**Extracted records**.
● ● ● ● ● ● ●

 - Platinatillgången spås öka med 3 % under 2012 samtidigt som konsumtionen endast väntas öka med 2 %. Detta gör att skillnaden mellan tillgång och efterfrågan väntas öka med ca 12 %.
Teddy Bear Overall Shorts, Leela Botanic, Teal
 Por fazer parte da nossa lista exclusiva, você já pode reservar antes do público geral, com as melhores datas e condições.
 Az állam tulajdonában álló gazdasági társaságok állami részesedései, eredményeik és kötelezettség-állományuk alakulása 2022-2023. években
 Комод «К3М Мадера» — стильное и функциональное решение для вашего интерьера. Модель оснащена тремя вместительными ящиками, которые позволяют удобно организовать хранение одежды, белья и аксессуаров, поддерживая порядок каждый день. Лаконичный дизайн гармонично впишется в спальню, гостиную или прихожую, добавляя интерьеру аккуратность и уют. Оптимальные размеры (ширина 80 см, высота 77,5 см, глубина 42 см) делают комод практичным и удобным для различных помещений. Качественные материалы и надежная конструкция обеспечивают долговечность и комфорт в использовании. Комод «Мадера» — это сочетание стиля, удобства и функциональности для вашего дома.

● ● ● ● ● ● ●

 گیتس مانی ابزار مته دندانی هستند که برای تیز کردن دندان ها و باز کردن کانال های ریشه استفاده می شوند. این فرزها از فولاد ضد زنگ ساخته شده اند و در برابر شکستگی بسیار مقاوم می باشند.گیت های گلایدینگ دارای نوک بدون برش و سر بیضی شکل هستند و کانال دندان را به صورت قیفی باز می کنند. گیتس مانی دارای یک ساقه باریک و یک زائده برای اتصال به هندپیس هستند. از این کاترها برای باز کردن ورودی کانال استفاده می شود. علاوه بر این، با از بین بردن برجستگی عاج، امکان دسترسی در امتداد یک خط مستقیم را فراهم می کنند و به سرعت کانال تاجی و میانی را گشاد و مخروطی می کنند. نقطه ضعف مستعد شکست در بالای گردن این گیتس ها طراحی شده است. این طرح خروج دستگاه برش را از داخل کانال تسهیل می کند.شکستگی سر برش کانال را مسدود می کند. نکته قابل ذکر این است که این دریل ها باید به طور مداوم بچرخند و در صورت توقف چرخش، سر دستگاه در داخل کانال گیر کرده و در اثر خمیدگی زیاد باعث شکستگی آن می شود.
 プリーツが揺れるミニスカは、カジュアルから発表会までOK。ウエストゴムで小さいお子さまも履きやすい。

● ● ● ● ● ● ●

**Task objective**.
Extract exactly and only the lines above from the line containing "Teddy Bear Overall" through the line containing "Az állam tulajdonában", both end lines included.

**Response to the task**.
Teddy Bear Overall Shorts, Leela Botanic, Teal
 Por fazer parte da nossa lista exclusiva, você já pode reservar antes do público geral, com as melhores datas e condições.
 Az állam tulajdonában álló gazdasági társaságok állami részesedései, eredményeik és kötelezettség-állományuk alakulása 2022-2023. években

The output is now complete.